Сидевший за рулем командир явственно дернулся и, не оборачиваясь, сказал:

– Это он, наверно, спрашивает, не знаю ли я английского. Придется огорчить буржуя. Нет! – последнее слово, произнесенное вполоборота, было четко артикулировано и подкреплено однозначно трактуемым покачиванием головой.

– Sprechen Sie Deutch? – Матвеев в зеркало заднего вида заметил, как капитан усмехнулся.

– Habla usted Espanol? – без результата.

– Parla catalana? – об этом вообще не стоило спрашивать…

«А вот как ты на такой заход отреагируешь?» – подумал Степан, изрядно разозленный тем, что ему явно, по выражению начала двадцать первого века, включили тупого.

– Pan znasz Polsky?

Последний вопрос, похоже, всерьез вывел капитана из себя.

– Полиглот, мать твою, королеву вперехлест… – в сердцах вырвалось у него, но продолжения не последовало. Сержанты никак не отреагировали на вспышку командира. Снизив скорость, колонна втянулась в небольшое селение. Перед взглядом Матвеева неспешно проплыл десяток улиц, настолько узких, что, казалось, высунь руку из окна – и достанешь до стены ближайшего дома или высокого каменного забора. Непременная iglesia parroquial – местная церквушка – на центральной площади, почти не разрушена, лишь с легкими следами копоти над входной дверью, да оспинами пулевых отметин по режуще-яркой побелке стен, но оставила ощущение опустошенности, брошенности.

«Бог здесь больше не живет, он покинул Испанию…» – мысль эта, простая, родилась сама по себе, без всякой связи с предыдущими, и настолько поразила Степана, что он оставил попытки еще как-то расшевелить сопровождающих. Или все – таки конвоирующих?

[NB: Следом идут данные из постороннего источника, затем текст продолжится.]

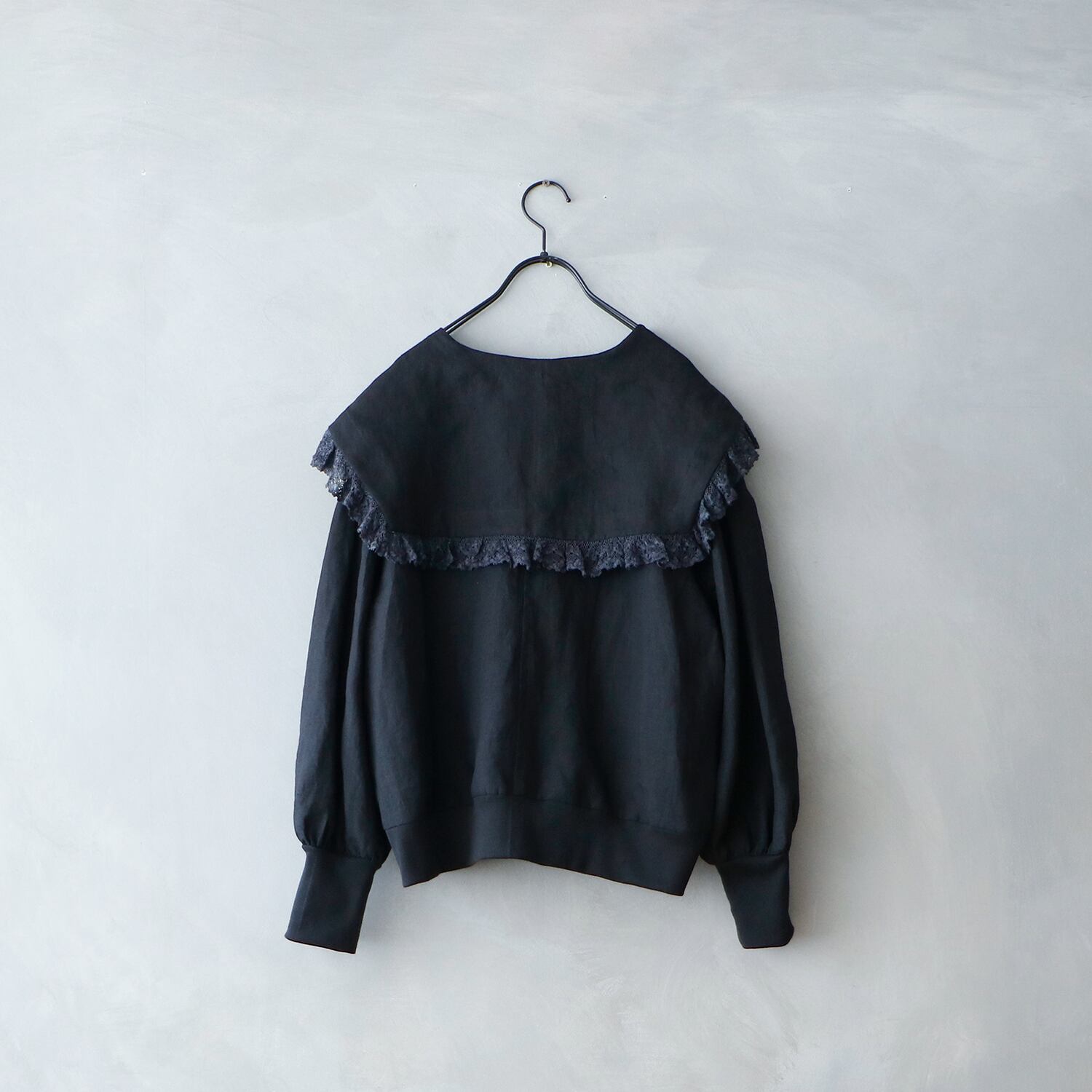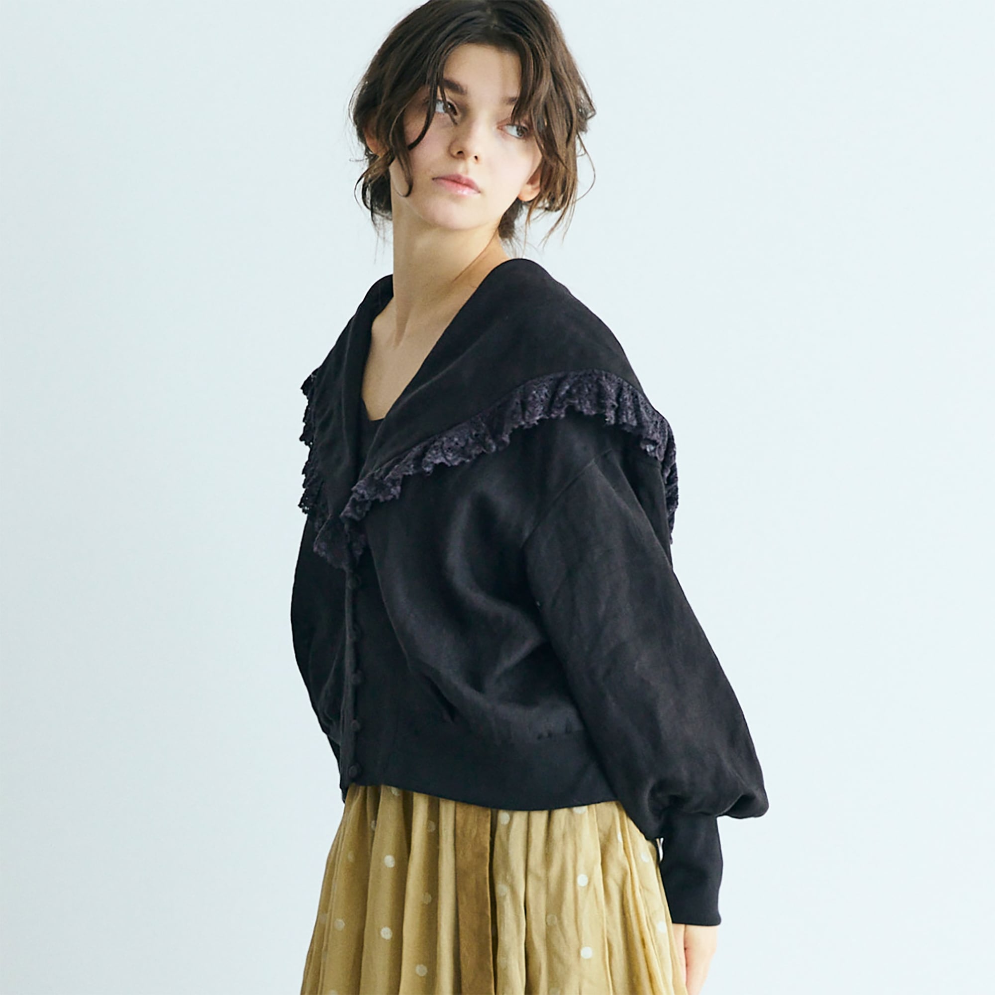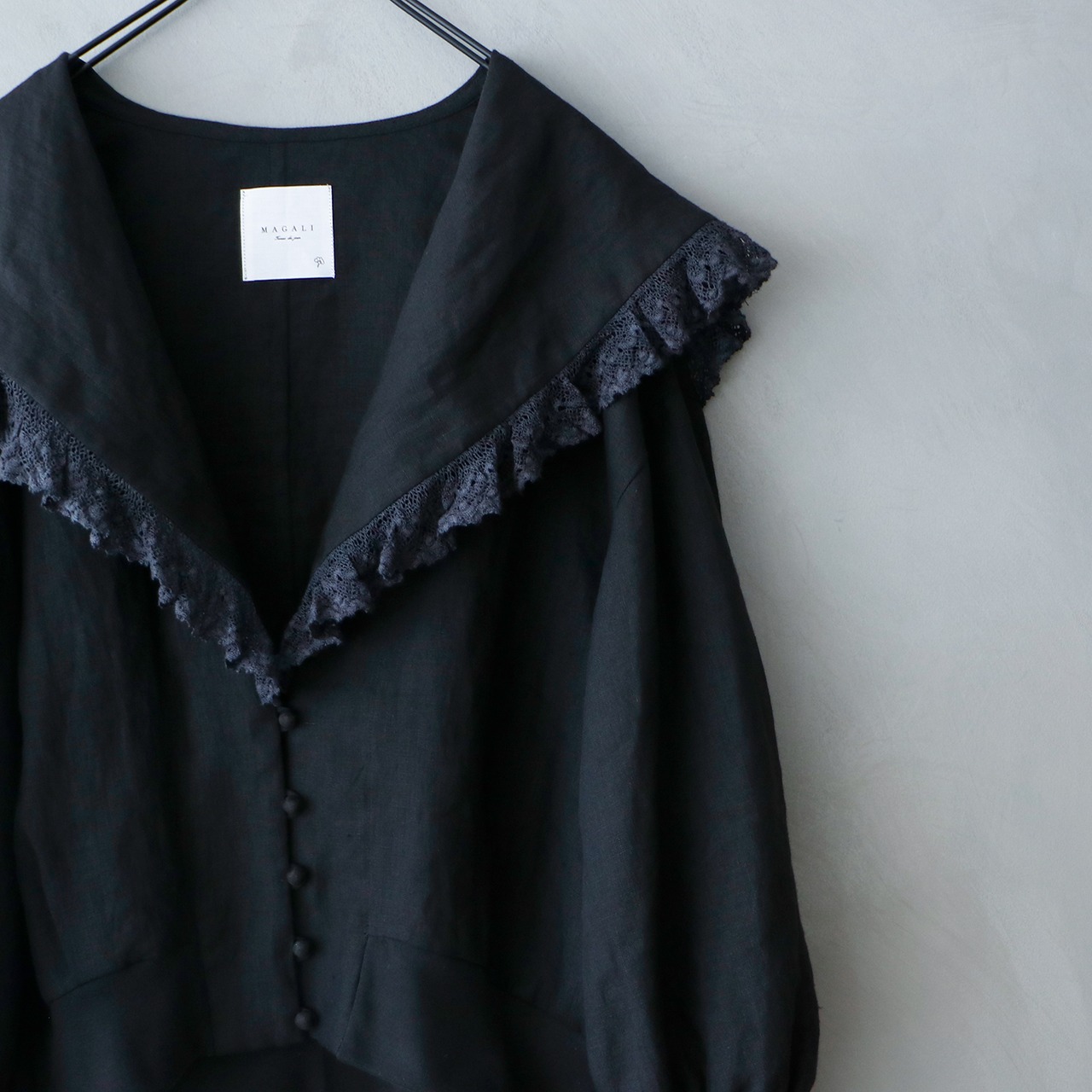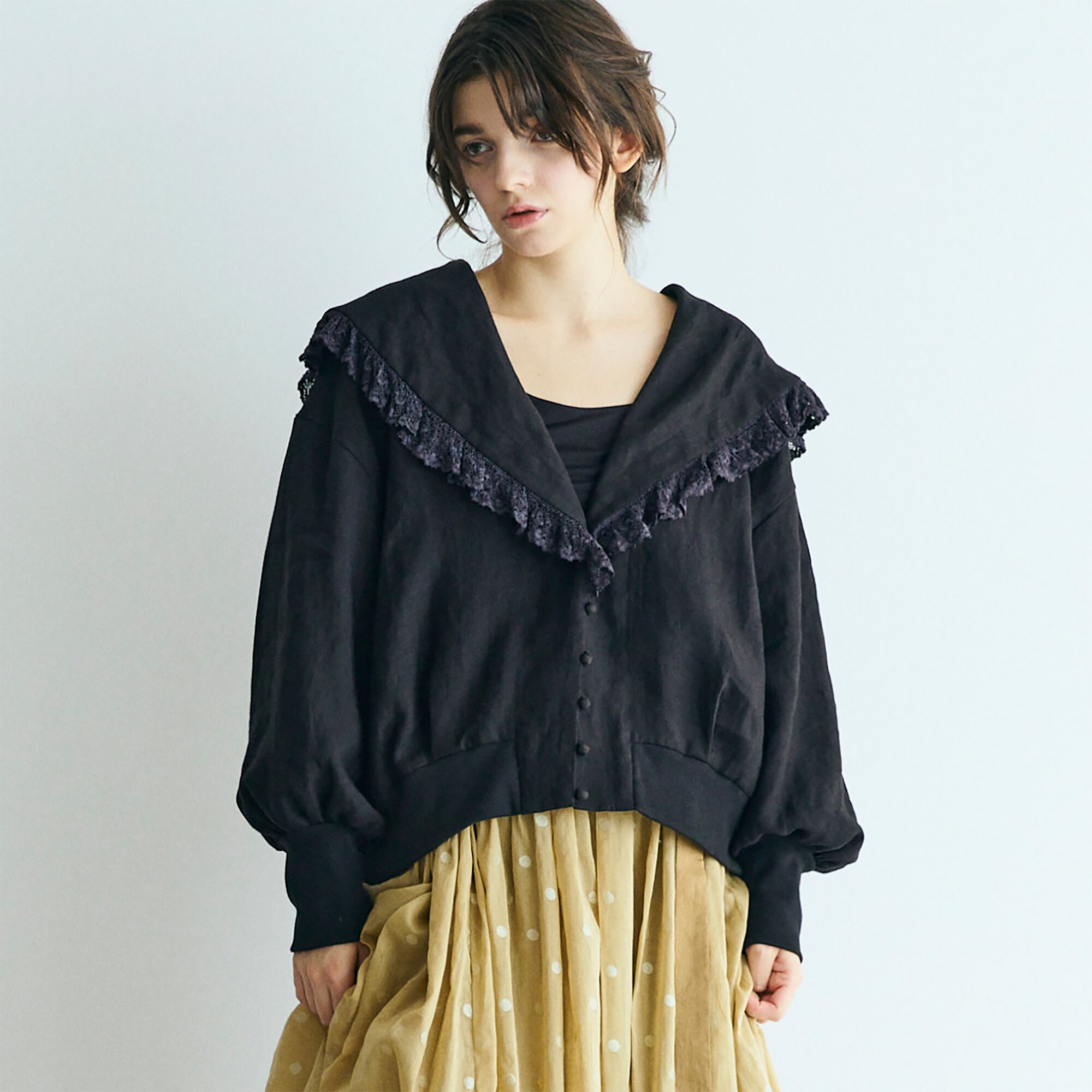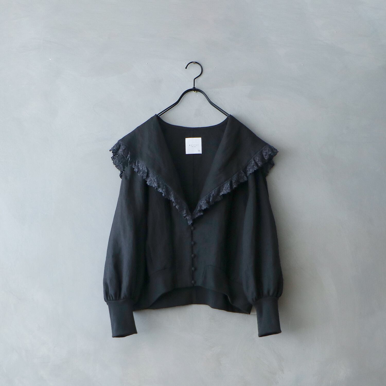MAGALI コルトレイクリネン.レース襟カーディガン ブラック
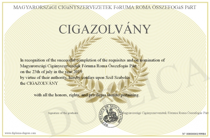 delivered to his owner by Magyarországi Cigányszervezetek Fóruma Roma Összefogás Párt !
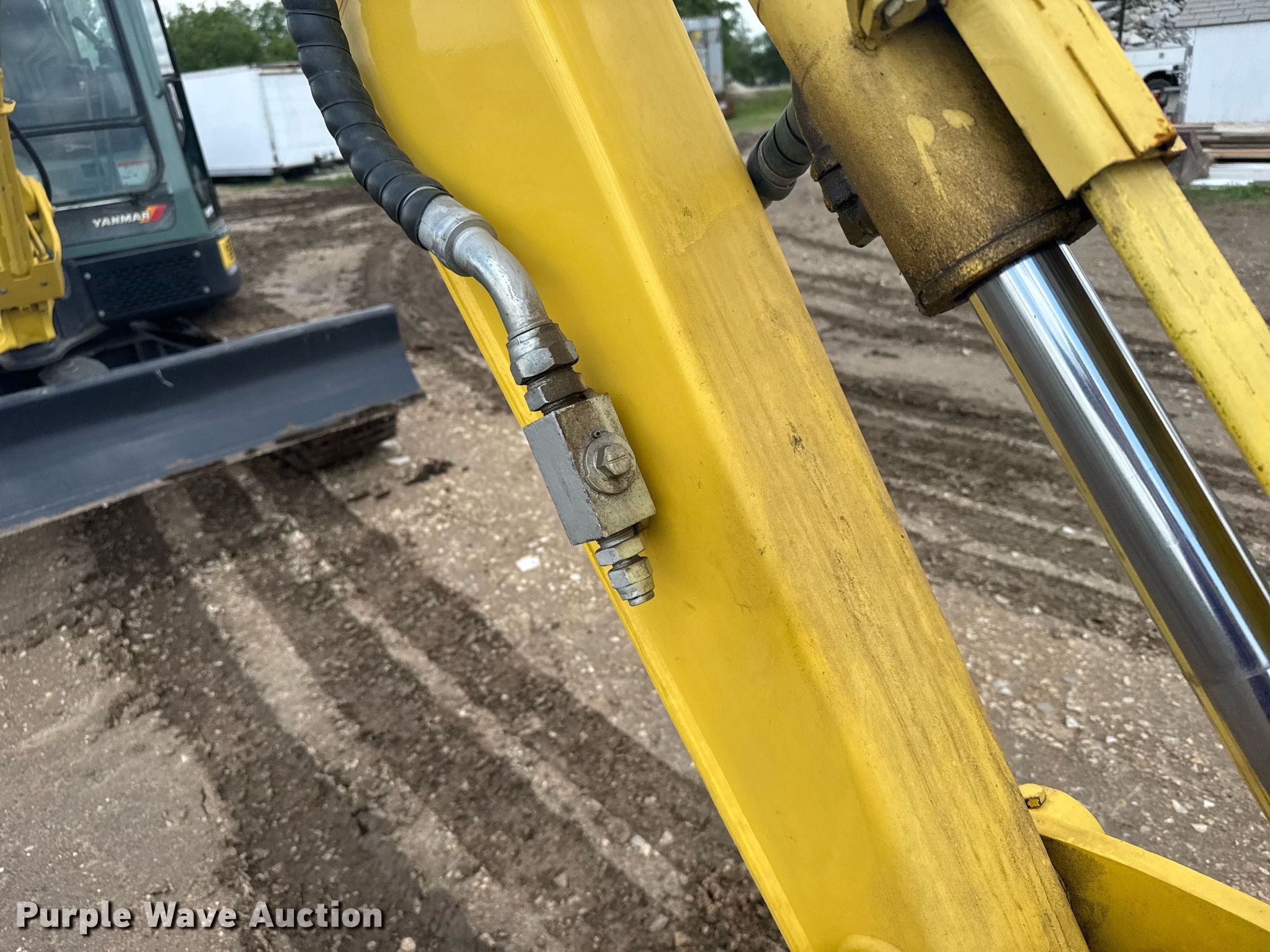 2005 Yanmar ViO55-5A mini excavator. Hours: 2,677 on meter, Serial: 51108B. Engine Yanmar 3NNPE, Serial: YD2201DNMDEC, Displacement: 2.190L, Cylinders: 4, Fuel type: Diesel. Transmission Hydrostatic. Operators station Enclosed cab, AC, Heat. Features Auxiliary hydraulics, Counter weights, Backfill blade Width: 77", Boom Standard, Stick Stick length: 7', Quick coupler: Mechanical, Bucket Width: 24", Teeth: 4. Tracks Width: 16", Steel, Grouser pads: Triple. B&M Construction LLC. Beloit, KS 67420
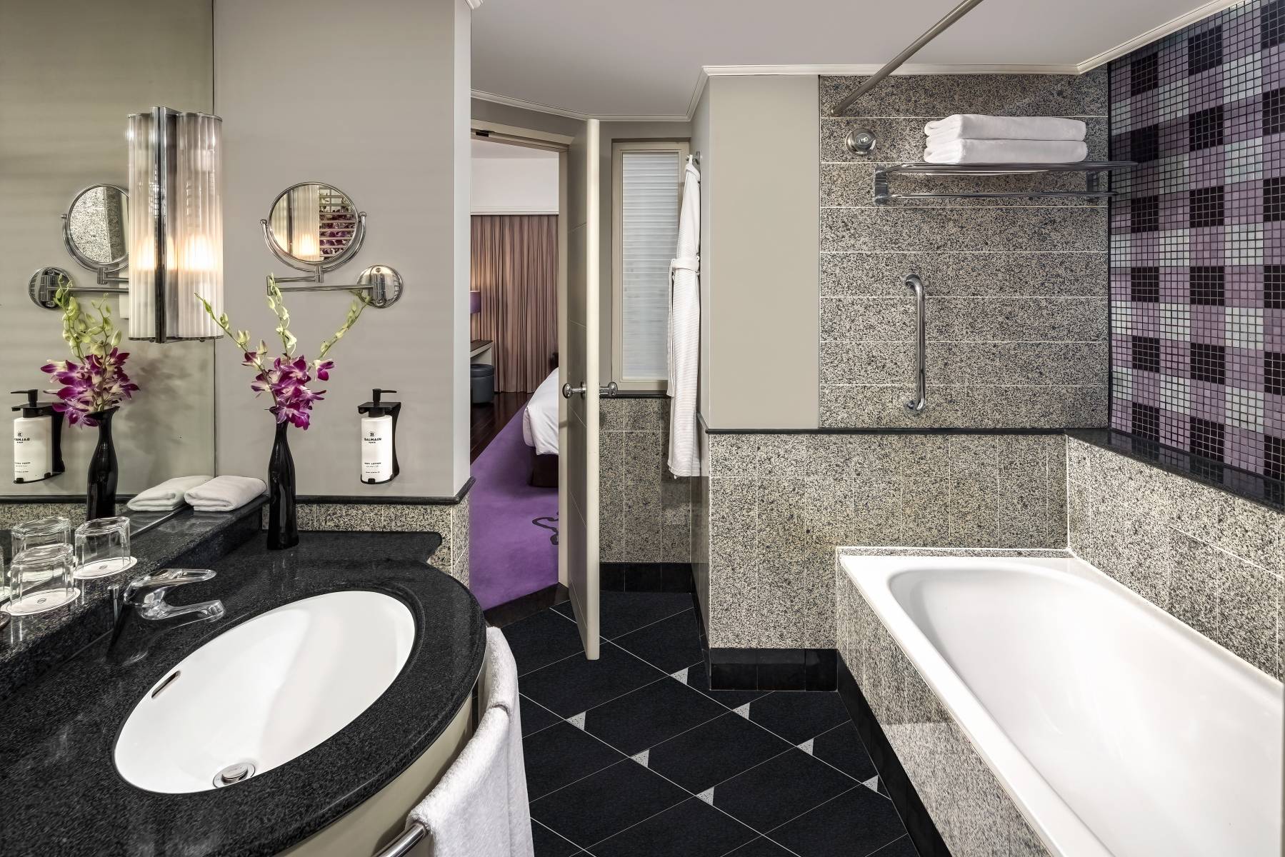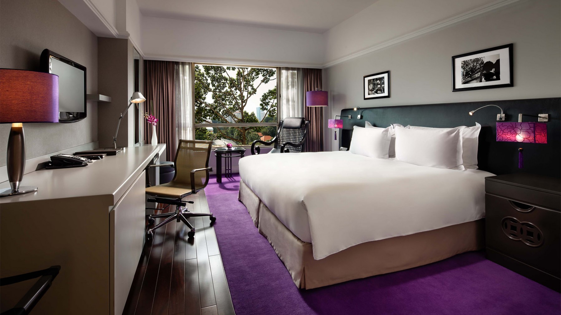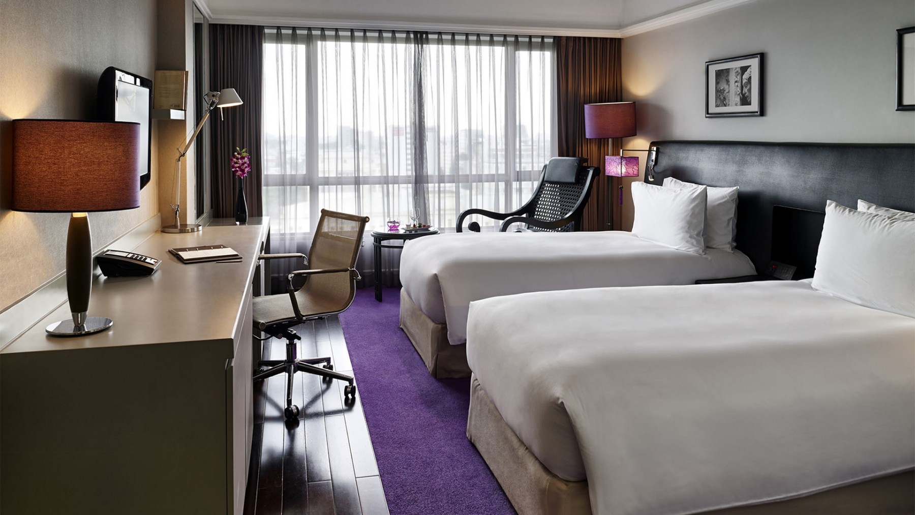- Superior Room — расположенные на 4-12 этажах отеля, стильно оформленные и выдержанные в нежных сиреневых тонах улучшенные номера площадью 30 кв.м, состоящие из спальни с одной эксклюзивной двуспальной кроватью King Sofitel MyBed™ или двумя односпальными кроватями Twin Sofitel MyBed™, уютно обставленной гостиной зоны, просторной рабочей зоны с письменным столом, гардеробной, просторной ванной комнаты с глубокой ванной.
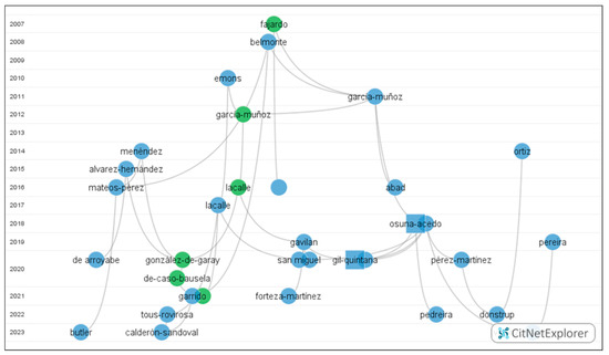 In bibliometric maps, authors, concepts, and areas of a scientific reality are graphically represented [24]. By interpreting these maps, we can identify clusters, notable nodes, and the connections between them, which provides a visual representation of the dynamics of our study object [25]. Clustering is the process of grouping the nodes in a scientific map so that we can determine the types of relationships between them (word, term, or document). Furthermore, the data were exported to CitNetExplorer, which allows the grouping of publications according to the linking of citations, enabling visualization of citation networks over time.

«Сначала Барселона, теперь вот эта деревня… Похоже, я все-таки прав. Если Бог уходит, его место занимает дьявол».

Улицы городка можно было бы назвать пустынными, если бы не патрули в красноармейской и республиканской форме то тут, то там открыто стоящие на перекре стках и низких крышах домов. И ни одного местного жителя…

Почти у самой окраины, где улица неощутимо и сразу переходила в проселочную дорогу, – такие Степан не раз и не два видел и на Украине, «еще той, советской» или, скажем, где-нибудь под Краснодаром, – колонна остановилась. Броневики сразу рассредоточились по площади, куда сходились несколько улиц, и перекрыли подъезды к группе домов, резко выделявшихся из однообразного – бело-соломенного с вкраплениями терракоты – окружения.

«Как гранд заметен на сельской свадьбе…»

Двухэтажные, с бледно-розовыми и светло-желтыми оштукатуренными стенами, с крышами, крытыми ярко-оранжевой, новой на вид, черепицей, – на слегка отстраненный взгляд Матвеева, – домики напоминали странный муравейник, вокруг которого деловито сновали сосредоточенные люди-муравьи в одинаковой одежде-форме, то и дело приветствуя друг друга взмахами рук к головным уборам.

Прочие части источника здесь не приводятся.